YOUR ASSIGNMENT ->
You are asked to reproduce the listing exactly and to omit its pictures.

INFORMATION SHOWN ->
===============

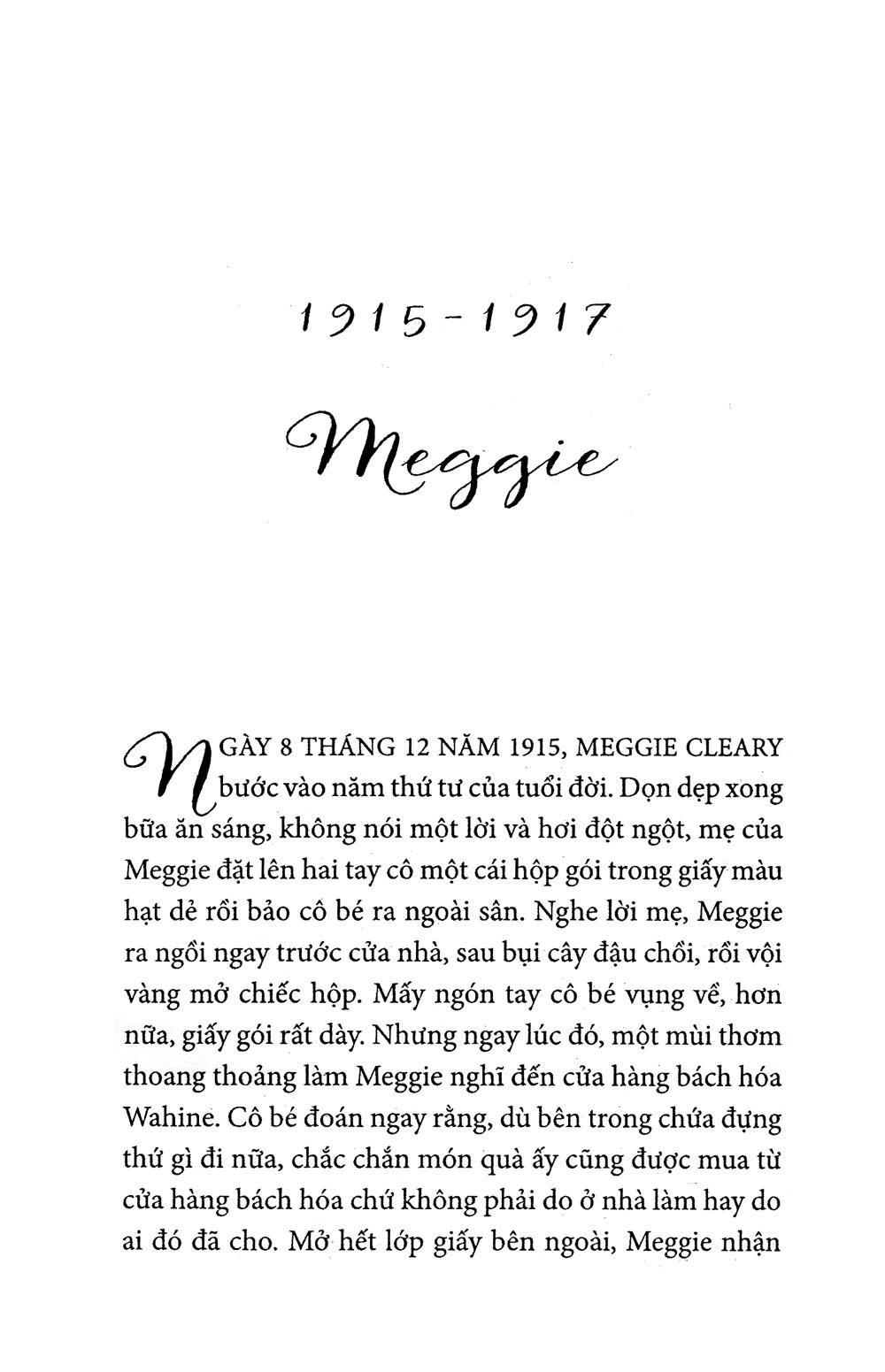 Một câu chuyện tình chua xót, một sử thi mạnh mẽ về nỗ lực và hy sinh, một sự ngợi ca cá nhân và tinh thần con người, tuyệt tác của Colleen McCullough là một áng văn bất hủ – một cuốn tiểu thuyết mang tính bước ngoặt để được yêu mến và đọc đi đọc lại hết lần này đến lần khác.
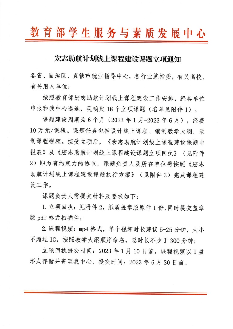 本次教育部“宏志助航计划”线上课程建设,组织全国高校申报,最终遴选出18门课程,其中我校立项1门,为全省唯一入选高校。在学校领导、招就办和水利工程学院领导的指导支持下,课程团队教师严格按照课程建设要求,高质量完成课题各项任务,课程建设结题材料得到了教育部相关专家的一致好评。
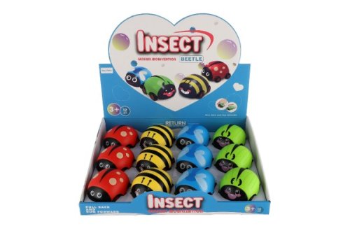 Autíčko s motívmi chrobáka, lienky, včielky alebo vážky je na spätné natiahnutie a je veľkosti 9 cm. Vhodné pre deti od 3 rokov.

===============

ANSWER SECTION ->
 Một câu chuyện tình chua xót, một sử thi mạnh mẽ về nỗ lực và hy sinh, một sự ngợi ca cá nhân và tinh thần con người, tuyệt tác của Colleen McCullough là một áng văn bất hủ – một cuốn tiểu thuyết mang tính bước ngoặt để được yêu mến và đọc đi đọc lại hết lần này đến lần khác.
 本次教育部“宏志助航计划”线上课程建设,组织全国高校申报,最终遴选出18门课程,其中我校立项1门,为全省唯一入选高校。在学校领导、招就办和水利工程学院领导的指导支持下,课程团队教师严格按照课程建设要求,高质量完成课题各项任务,课程建设结题材料得到了教育部相关专家的一致好评。
 Autíčko s motívmi chrobáka, lienky, včielky alebo vážky je na spätné natiahnutie a je veľkosti 9 cm. Vhodné pre deti od 3 rokov.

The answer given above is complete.